A program execution device having two or more processors according to the present invention, upon power input, first executes a multiprocessor branch processing bootloader for driving a second processor, and then kernels for booting an operating system. A first processor that secondly executes a boot loader and a branched boot loader of the first processor, and then executes a program boot loader to execute an operating system before booting an operating system through the first processor through the program boot loader. And a second processor for processing a program to be executed without.

According to one side, the program execution device, after confirming whether the execution target processor is the first processor, and may further include a boot monitor for executing the branch processing boot loader, if the execution target processor is the first processor.

According to another aspect, the branched boot loader loads a kernel boot loader to be executed by the first processor at a specific memory address, and loads a program boot loader to be executed by the second processor at a different memory address than the kernel boot loader. After the program boot loader is loaded on the memory, the program boot loader may provide the address information where the program boot loader is located while interrupting the second processor.

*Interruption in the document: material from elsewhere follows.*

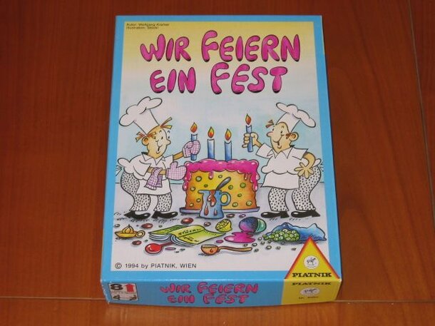 Lets get ready to party. But before all the eating and drinking stuff has to be prepared... The 48 tiles (printed on both sides) are laid out in an 6x8 grid. The active player has to switch 2 tiles so that afterwards more tiles with the same picture are next to each other. The number of the connected tiles is the points you score. A nice unfortunately...

According to another aspect, the program boot loader loads target program codes into memory, but the program codes are stand-alone programs that are executed without an operating system.

According to another aspect, a program executed without the operating system directly initializes resources required for execution and displays the directly initialized resources, thereby preventing the resources from being repeatedly initialized during the booting process in the first processor. have.

According to another aspect, the first processor, after confirming that the resources to be initialized in the kernel initialization process is initialized by the second processor, and if the result is not initialized, directly initializes the resources, if initialized, The initialization of the initialized resources may be skipped.

According to another aspect, when the operating system booting process is completed, the first processor performs the same function as a previously executed program through the second processor, but loads a program running on the operating system in a memory, and the second processor By interrupting the program, the running program can be replaced by a program running on the operating system.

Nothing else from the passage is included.